一般来说,即使读取无效指针(如您上面所做的那样,注意:这与取消引用不同)的值(指针在删除时变得无效)也是实现定义的行为。这是在CWG #1438中介绍的。参见这里。
Please note that before that reading values of invalid pointers was undefined behaviour, so what you have above would be undefined behaviour, which means anything could happen.
请注意,在读取无效指针的值之前是未定义的行为,因此上面的操作将是未定义的行为,这意味着任何事情都可能发生。
#5
1
I believe, you are running some sort of debug mode and VS is attempting to repoint your pointer to some known location, so that further attempt to dereference it could be traced and reported. Try compiling/running the same program in release mode.
我相信,您正在运行某种调试模式,VS正在尝试将指针重新指向某个已知位置,以便进一步尝试取消引用,以便跟踪和报告它。尝试在发布模式中编译/运行相同的程序。
Pointers are usually not changed inside delete for the sake of efficiency and to avoid giving a false idea of safety. Setting delete pointer to pre-defined value will do no good in most of complex scenarios, since the pointer being deleted is likely to be only one of several pointing to this location.
为了提高效率和避免给出安全的错误想法,指针通常不会在删除中被更改。在大多数复杂的场景中,将delete指针设置为预定义值不会有什么好处,因为被删除的指针很可能只是指向这个位置的几个指针中的一个。
As a matter of fact, the more I think about it, the more I find that VS is at fault when doing so, as usual. What if the pointer is const? Is it still gonna change it?
事实上,我想得越多,就越会发现v和往常一样有问题。如果指针是const呢?它还会改变吗?
#6
0
After deleting the pointer the memory to which it points may still be valid. To manifest this error, the pointer value is set to an obvious value. This really helps the debugging process. If the value were set to NULL, it may never show up as potential bug in the program flow. So it may hide a bug when you test later against NULL.

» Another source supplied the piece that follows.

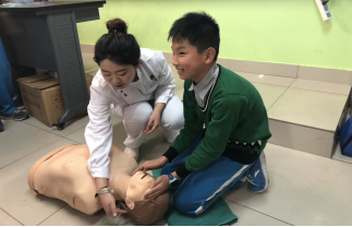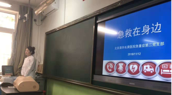 首先,急重症第二党支部的党员、重症医学科护理人员宿文琪为大家进行心肺复苏术培训。心肺复苏术运用于抢救心脏骤停离的状况,心脏骤停离我们其实并不遥远,日常溺水、触电、外伤、异物吸入、疾病发作、煤气中毒、过敏等意外均可导致心脏骤停或窒息,并发生猝死。培训开始我们播放了一段急救视频,迅速吸引了同学们的注意,并激发了同学们的好奇心。授课过程中,与同学互动良好。理论授课后,急重症第二党支部的党员、重症医学科护理人员周绪涛、苗卉为同学们模拟演示了心肺复苏术的操作流程。最后同学们自由组合成急救团队模拟抢救现场,将这个课堂的氛围推上了高潮。

删除指针后,指针指向的内存可能仍然有效。为了显示这个错误,指针值被设置为一个明显的值。这确实有助于调试过程。如果该值被设置为NULL,它可能永远不会在程序流中显示为潜在的bug。因此,当您稍后对NULL进行测试时,它可能会隐藏一个错误。
Another point is, that some run time optimizer may check that value and change its results.
另一点是,某些运行时优化器可能会检查该值并更改其结果。
In earlier times MS set the value to 0xcfffffff.
在早些时候,MS将值设置为0xcfffffff。